* [Description of the task] Should an entry contain an image, omit it and repeat the rest exactly.

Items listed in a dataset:
'''
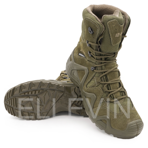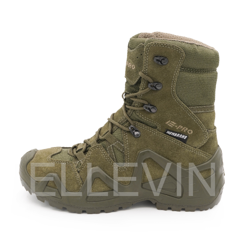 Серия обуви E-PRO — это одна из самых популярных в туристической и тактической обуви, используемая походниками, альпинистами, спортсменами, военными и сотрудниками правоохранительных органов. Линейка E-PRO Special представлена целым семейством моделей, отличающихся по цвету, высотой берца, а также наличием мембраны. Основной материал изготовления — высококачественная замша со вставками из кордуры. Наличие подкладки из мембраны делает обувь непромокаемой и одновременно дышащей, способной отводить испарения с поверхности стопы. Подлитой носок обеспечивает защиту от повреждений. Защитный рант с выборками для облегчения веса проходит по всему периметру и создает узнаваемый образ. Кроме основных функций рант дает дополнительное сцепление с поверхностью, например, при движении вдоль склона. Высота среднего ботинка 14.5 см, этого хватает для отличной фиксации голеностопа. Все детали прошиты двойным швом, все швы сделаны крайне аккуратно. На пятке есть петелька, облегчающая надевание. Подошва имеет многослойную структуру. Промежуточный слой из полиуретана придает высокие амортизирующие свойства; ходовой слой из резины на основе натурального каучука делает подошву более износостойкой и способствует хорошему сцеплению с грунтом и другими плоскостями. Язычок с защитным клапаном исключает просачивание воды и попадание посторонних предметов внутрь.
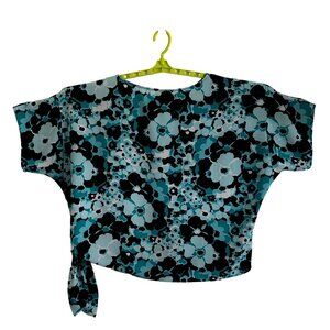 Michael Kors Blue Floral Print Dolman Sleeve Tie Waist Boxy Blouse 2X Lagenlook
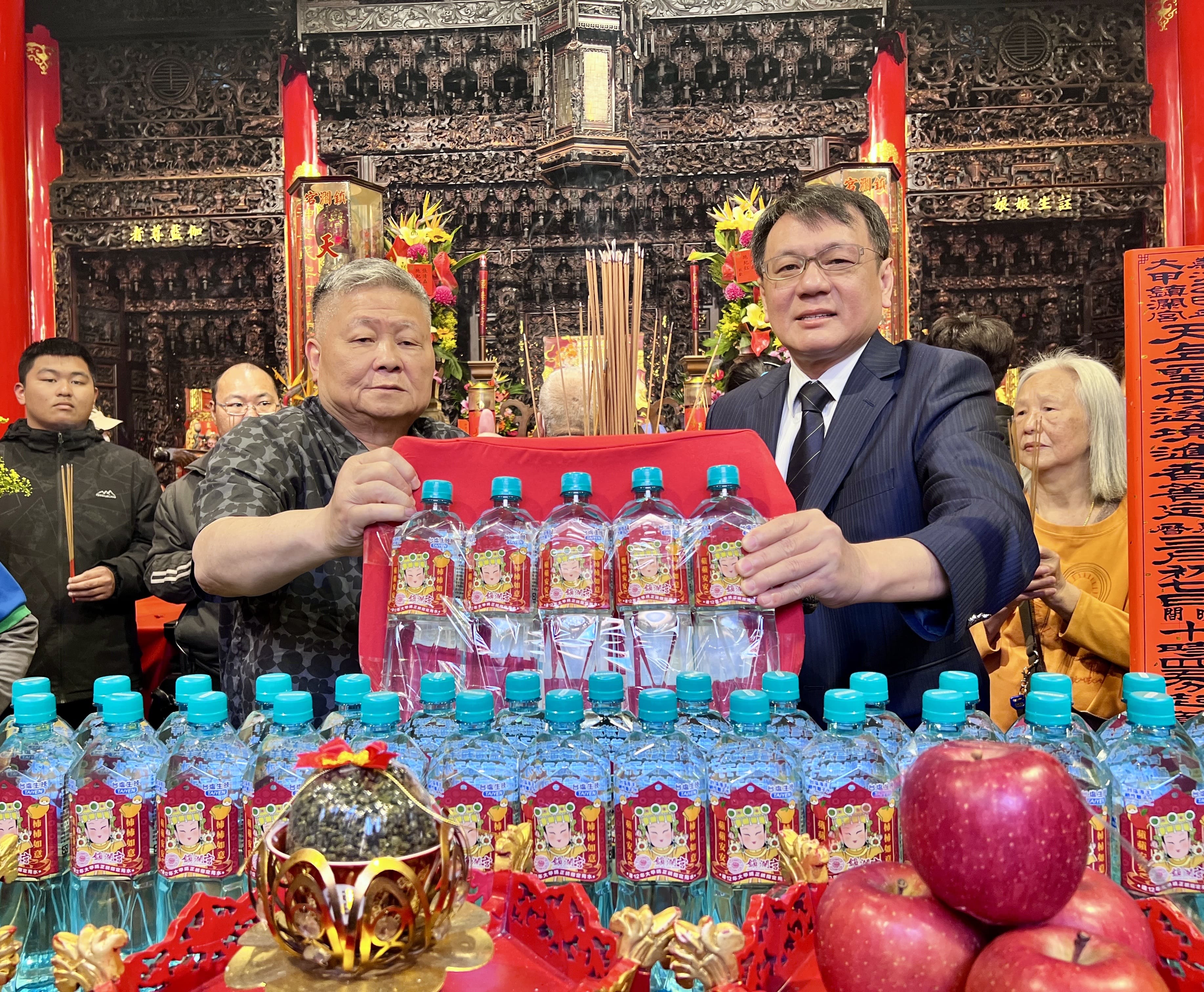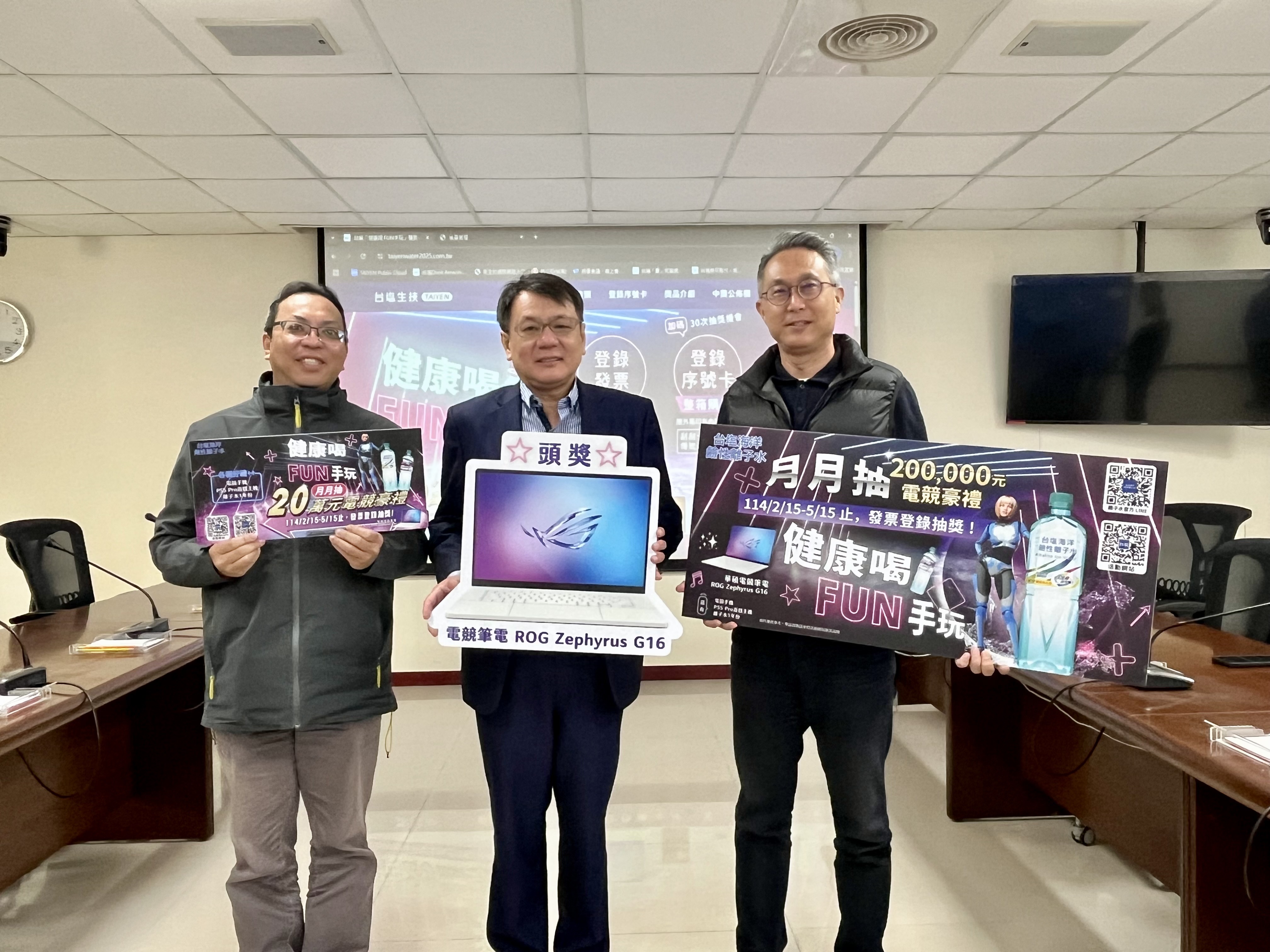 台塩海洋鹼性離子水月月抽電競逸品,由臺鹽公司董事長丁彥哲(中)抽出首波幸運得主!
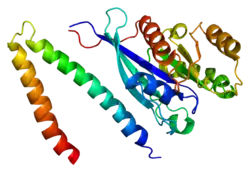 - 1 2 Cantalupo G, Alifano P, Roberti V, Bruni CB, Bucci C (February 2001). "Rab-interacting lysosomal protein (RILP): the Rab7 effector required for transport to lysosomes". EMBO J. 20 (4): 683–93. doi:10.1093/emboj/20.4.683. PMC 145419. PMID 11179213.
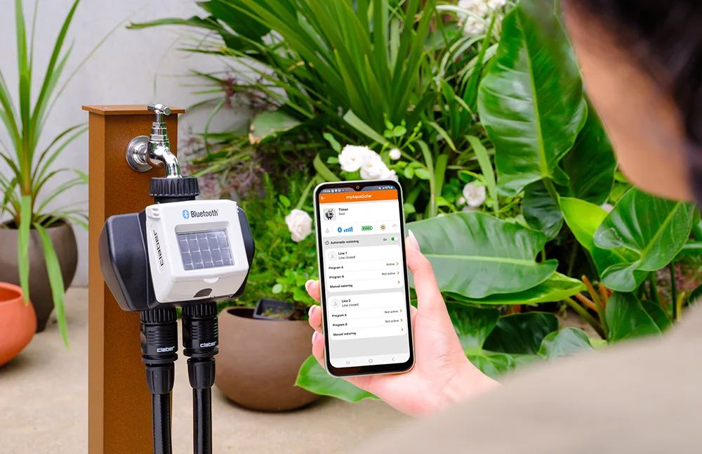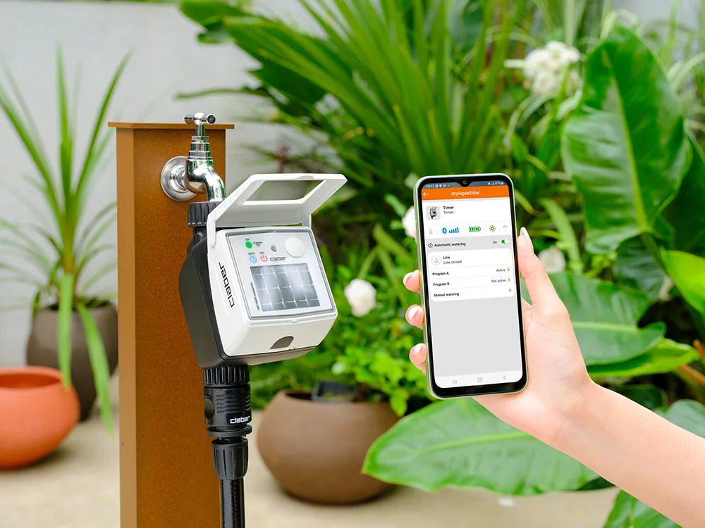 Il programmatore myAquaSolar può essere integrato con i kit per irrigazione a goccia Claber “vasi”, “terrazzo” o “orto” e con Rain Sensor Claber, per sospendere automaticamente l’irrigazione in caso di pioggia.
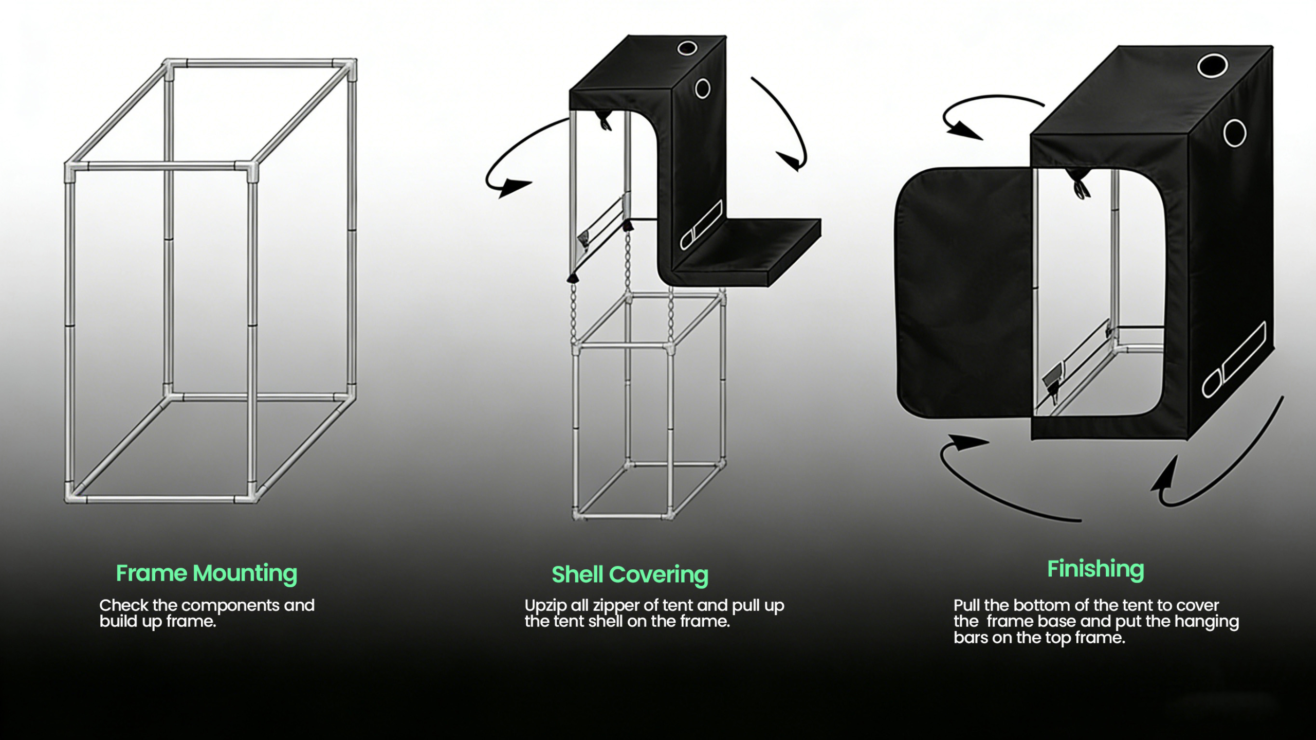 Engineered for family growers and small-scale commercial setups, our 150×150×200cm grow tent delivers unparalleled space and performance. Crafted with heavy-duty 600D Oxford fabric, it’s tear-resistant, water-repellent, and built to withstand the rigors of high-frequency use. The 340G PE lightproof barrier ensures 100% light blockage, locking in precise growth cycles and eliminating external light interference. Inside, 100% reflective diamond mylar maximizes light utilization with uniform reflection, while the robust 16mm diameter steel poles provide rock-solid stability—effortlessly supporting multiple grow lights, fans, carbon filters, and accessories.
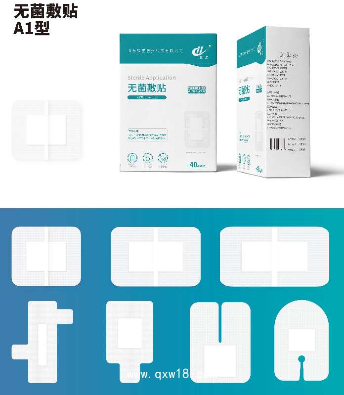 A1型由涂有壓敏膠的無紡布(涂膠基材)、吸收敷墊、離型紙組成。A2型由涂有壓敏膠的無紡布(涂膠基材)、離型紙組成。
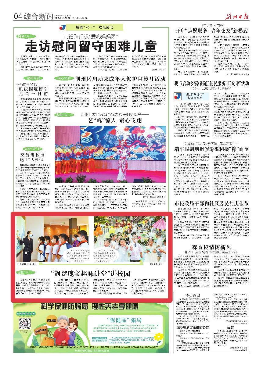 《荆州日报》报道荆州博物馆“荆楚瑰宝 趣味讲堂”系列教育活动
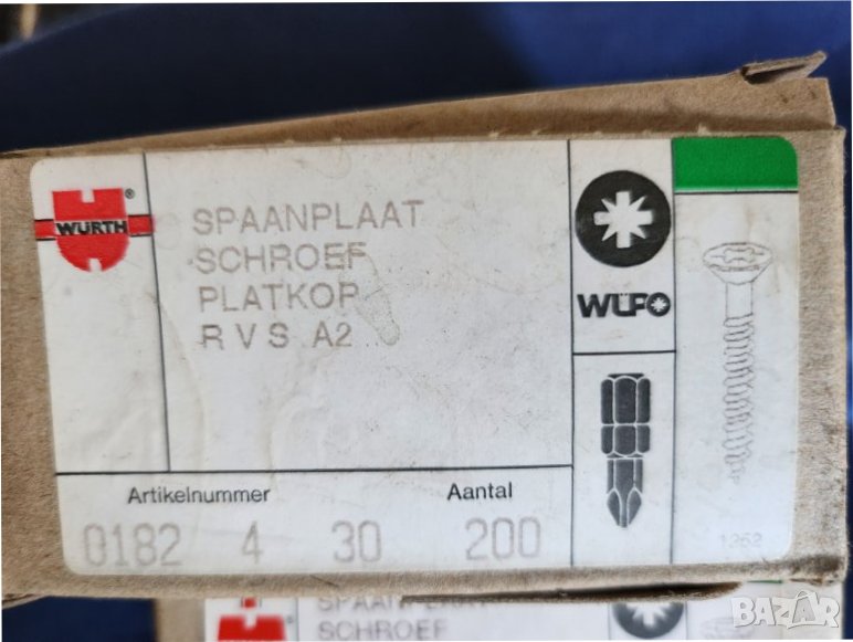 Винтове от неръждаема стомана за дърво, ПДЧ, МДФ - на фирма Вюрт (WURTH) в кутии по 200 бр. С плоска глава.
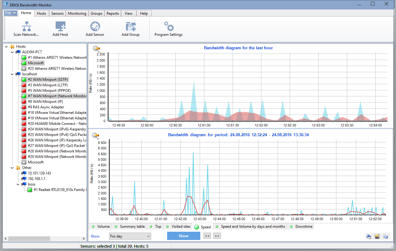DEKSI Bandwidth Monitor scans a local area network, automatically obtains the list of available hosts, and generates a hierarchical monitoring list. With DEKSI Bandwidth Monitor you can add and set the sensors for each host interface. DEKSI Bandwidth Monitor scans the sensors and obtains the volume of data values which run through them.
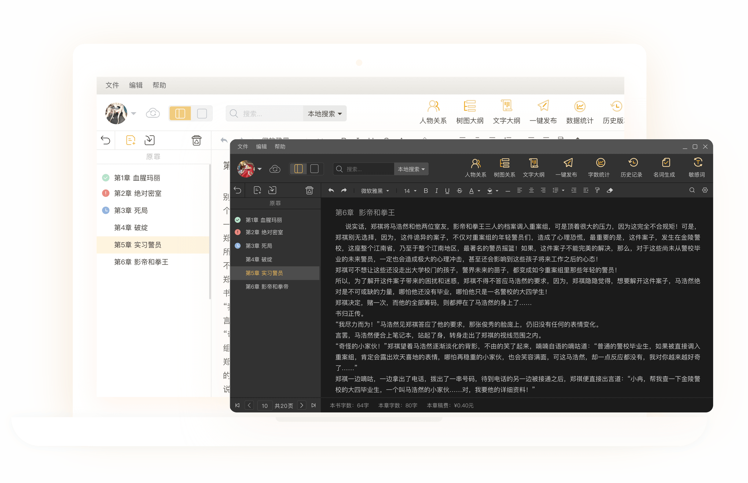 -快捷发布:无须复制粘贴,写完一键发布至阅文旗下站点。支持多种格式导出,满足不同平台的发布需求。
'''
* [Written solution]
 Серия обуви E-PRO — это одна из самых популярных в туристической и тактической обуви, используемая походниками, альпинистами, спортсменами, военными и сотрудниками правоохранительных органов. Линейка E-PRO Special представлена целым семейством моделей, отличающихся по цвету, высотой берца, а также наличием мембраны. Основной материал изготовления — высококачественная замша со вставками из кордуры. Наличие подкладки из мембраны делает обувь непромокаемой и одновременно дышащей, способной отводить испарения с поверхности стопы. Подлитой носок обеспечивает защиту от повреждений. Защитный рант с выборками для облегчения веса проходит по всему периметру и создает узнаваемый образ. Кроме основных функций рант дает дополнительное сцепление с поверхностью, например, при движении вдоль склона. Высота среднего ботинка 14.5 см, этого хватает для отличной фиксации голеностопа. Все детали прошиты двойным швом, все швы сделаны крайне аккуратно. На пятке есть петелька, облегчающая надевание. Подошва имеет многослойную структуру. Промежуточный слой из полиуретана придает высокие амортизирующие свойства; ходовой слой из резины на основе натурального каучука делает подошву более износостойкой и способствует хорошему сцеплению с грунтом и другими плоскостями. Язычок с защитным клапаном исключает просачивание воды и попадание посторонних предметов внутрь.
 Michael Kors Blue Floral Print Dolman Sleeve Tie Waist Boxy Blouse 2X Lagenlook
 台塩海洋鹼性離子水月月抽電競逸品,由臺鹽公司董事長丁彥哲(中)抽出首波幸運得主!
 - 1 2 Cantalupo G, Alifano P, Roberti V, Bruni CB, Bucci C (February 2001). "Rab-interacting lysosomal protein (RILP): the Rab7 effector required for transport to lysosomes". EMBO J. 20 (4): 683–93. doi:10.1093/emboj/20.4.683. PMC 145419. PMID 11179213.
 Il programmatore myAquaSolar può essere integrato con i kit per irrigazione a goccia Claber “vasi”, “terrazzo” o “orto” e con Rain Sensor Claber, per sospendere automaticamente l’irrigazione in caso di pioggia.
 Engineered for family growers and small-scale commercial setups, our 150×150×200cm grow tent delivers unparalleled space and performance. Crafted with heavy-duty 600D Oxford fabric, it’s tear-resistant, water-repellent, and built to withstand the rigors of high-frequency use. The 340G PE lightproof barrier ensures 100% light blockage, locking in precise growth cycles and eliminating external light interference. Inside, 100% reflective diamond mylar maximizes light utilization with uniform reflection, while the robust 16mm diameter steel poles provide rock-solid stability—effortlessly supporting multiple grow lights, fans, carbon filters, and accessories.
 A1型由涂有壓敏膠的無紡布(涂膠基材)、吸收敷墊、離型紙組成。A2型由涂有壓敏膠的無紡布(涂膠基材)、離型紙組成。
 《荆州日报》报道荆州博物馆“荆楚瑰宝 趣味讲堂”系列教育活动
 Винтове от неръждаема стомана за дърво, ПДЧ, МДФ - на фирма Вюрт (WURTH) в кутии по 200 бр. С плоска глава.
DEKSI Bandwidth Monitor scans a local area network, automatically obtains the list of available hosts, and generates a hierarchical monitoring list. With DEKSI Bandwidth Monitor you can add and set the sensors for each host interface. DEKSI Bandwidth Monitor scans the sensors and obtains the volume of data values which run through them.
 -快捷发布:无须复制粘贴,写完一键发布至阅文旗下站点。支持多种格式导出,满足不同平台的发布需求。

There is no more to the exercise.